Яремченко поднял голову, кивнул. Но ничего не сказал, бросил окурок в шелестящую сухую лузгу и, спохватившись, притоптал сапогом. Видно, беседа велась уже давно, и Гриша пришёл, как сказала бы бабуся, к шапочному разбору.
Антон Степанович громко вздохнул, коснулся пальцами рыжеватых усов, разгладил их, встопорщенные. Антон Степанович — товарищ отца. Частенько они вот за этим столом беседовали о своих колхозных делах.
Ещё раз вздохнул дядько Антон.
— Марина, Марина!.. — Помолчал, всматриваясь в шелестящую лузгу. — Думаешь, мне легко?
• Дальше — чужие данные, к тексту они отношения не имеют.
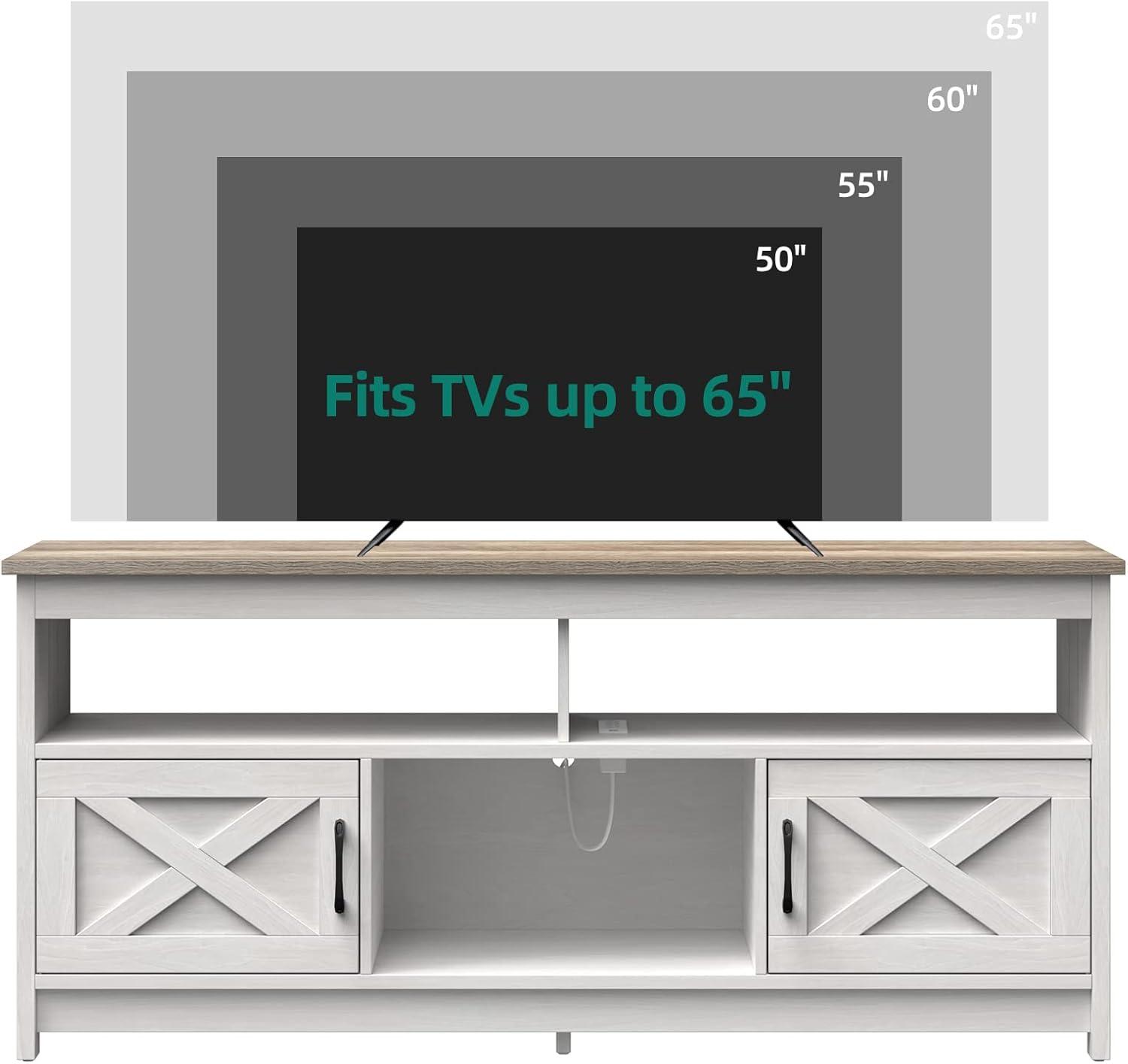We tested the stand with both 55-inch and 65-inch TVs, and it accommodated each size seamlessly. Its robust engineered wood construction provided excellent stability, especially once secured to the wall, which we highly recommend for safety. The open shelf zones kept our media devices and decor elegantly organized, no matter the TV size. The distinctive X-shaped farmhouse detailing added a warm, rustic charm that complemented our living room’s modern farmhouse theme, making the stand more than just functional-it became a centerpiece.

— Кто же так думает, Антон?
Повёл сапогом по лузге.
— Разве чужой был Иван?
— Кто же говорит.
Невесело кивнул на Гришу.
— Вот такими пасли овец и с девчатами гуляли вместе. Кто-кто, а ты знаешь, Марина. Кто тебя посватал за Ивана?
Мать даже зарумянилась, смутилась.
— Помню…
И тогда, когда колхоз организовывали, не разошлись их пути-дороги. Антона председателем выбрали, Ивана бригадиром назначили. Иногда и ссорились — не без этого. Но не кривили душой один перед другим, никогда не кривили. И вот теперь нет Ивана…
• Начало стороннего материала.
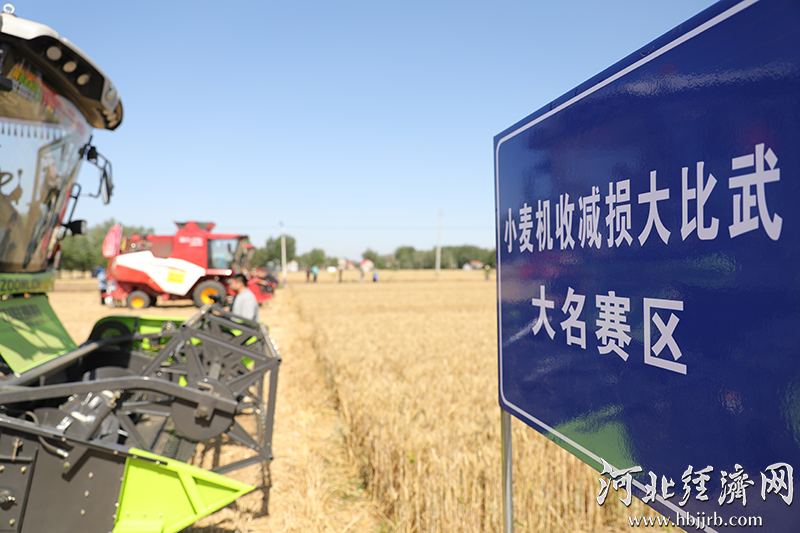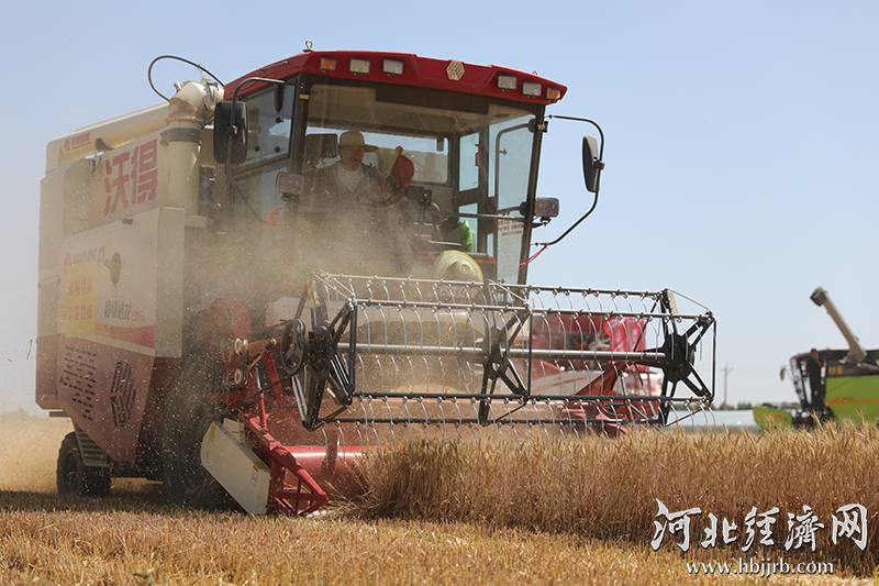 活动现场,农机手驾驶收割机收割小麦。河北经济日报记者 李佳琦 摄

Антон Степанович сцепил руки, даже пальцы хрустнули.
— Я от тебя, Марина, ничего не собираюсь скрывать. Когда шёл Иван на фронт, просил: «Ты ж наведывайся к моим». Ещё говорил: «В случае чего… не забывай». А выходит, Антон липовым товарищем оказался. Как ушёл на фронт Иван, так он и глаз не кажет.
— Зачем вы такое говорите, Антон Степанович? — отозвалась из-за прялки бабуся. — Разве мы не видим, сколько у вас забот да хлопот в эту лихую годину…
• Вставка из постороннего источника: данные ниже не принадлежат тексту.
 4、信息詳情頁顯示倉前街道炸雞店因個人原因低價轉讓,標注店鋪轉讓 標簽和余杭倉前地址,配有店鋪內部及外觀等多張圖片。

— Не мучай себя, Антон, — рассудительно сказала и мать. — Разве мы не видим твоих забот… То отправлял скот в тыл, то в район каждый день ездил, то на окопы… Не мёд тебе в тылу. Ой, не мёд. Только и того, что пули пока не летают. А так…
— Вот то-то и оно. А на фронте пули летают.
Наступило долгое молчание.
— Думали ли мы, что вот так всё сложится. Знали, чувствовали — не миновать войны нам, потому что нечисть объявилась в Европе — фашисты. Но не думали, не гадали, что нападут так быстро, зайдут так далеко, что будут топтать нашу землю, которую мы с Иваном пахали, на которой сеяли…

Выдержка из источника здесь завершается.